*** Opening of Source data ***
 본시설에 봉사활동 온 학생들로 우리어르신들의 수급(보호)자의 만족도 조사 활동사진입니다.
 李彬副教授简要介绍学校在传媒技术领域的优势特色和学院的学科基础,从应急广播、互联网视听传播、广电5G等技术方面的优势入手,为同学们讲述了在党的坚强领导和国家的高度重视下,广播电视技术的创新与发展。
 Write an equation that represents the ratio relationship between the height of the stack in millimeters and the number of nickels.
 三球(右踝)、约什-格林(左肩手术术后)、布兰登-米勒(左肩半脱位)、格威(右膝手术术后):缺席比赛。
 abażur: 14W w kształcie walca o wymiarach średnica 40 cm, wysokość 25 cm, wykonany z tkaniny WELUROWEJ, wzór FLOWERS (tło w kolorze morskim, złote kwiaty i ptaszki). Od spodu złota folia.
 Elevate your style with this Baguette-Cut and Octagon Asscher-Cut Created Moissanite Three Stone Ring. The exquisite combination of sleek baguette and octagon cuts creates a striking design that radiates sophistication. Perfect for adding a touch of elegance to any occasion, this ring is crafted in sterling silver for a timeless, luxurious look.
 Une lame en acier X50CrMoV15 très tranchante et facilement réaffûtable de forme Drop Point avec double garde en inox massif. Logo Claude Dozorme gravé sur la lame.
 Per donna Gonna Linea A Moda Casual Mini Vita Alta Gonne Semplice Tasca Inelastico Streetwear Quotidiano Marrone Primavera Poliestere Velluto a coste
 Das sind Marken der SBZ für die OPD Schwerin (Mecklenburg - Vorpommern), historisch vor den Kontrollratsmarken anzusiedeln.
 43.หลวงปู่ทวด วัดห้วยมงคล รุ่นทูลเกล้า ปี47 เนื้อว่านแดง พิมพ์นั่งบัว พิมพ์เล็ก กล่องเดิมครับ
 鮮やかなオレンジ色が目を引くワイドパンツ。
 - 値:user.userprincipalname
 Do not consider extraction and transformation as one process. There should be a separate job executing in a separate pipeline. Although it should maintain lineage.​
*** Close of Source data ***
What to work on: Restate word for word the entries above from the line with "三球(右踝)、约什-格林(左" through the line with "Elevate your style", inclusive, leaving out everything else.

Exercise response:
 三球(右踝)、约什-格林(左肩手术术后)、布兰登-米勒(左肩半脱位)、格威(右膝手术术后):缺席比赛。
 abażur: 14W w kształcie walca o wymiarach średnica 40 cm, wysokość 25 cm, wykonany z tkaniny WELUROWEJ, wzór FLOWERS (tło w kolorze morskim, złote kwiaty i ptaszki). Od spodu złota folia.
 Elevate your style with this Baguette-Cut and Octagon Asscher-Cut Created Moissanite Three Stone Ring. The exquisite combination of sleek baguette and octagon cuts creates a striking design that radiates sophistication. Perfect for adding a touch of elegance to any occasion, this ring is crafted in sterling silver for a timeless, luxurious look.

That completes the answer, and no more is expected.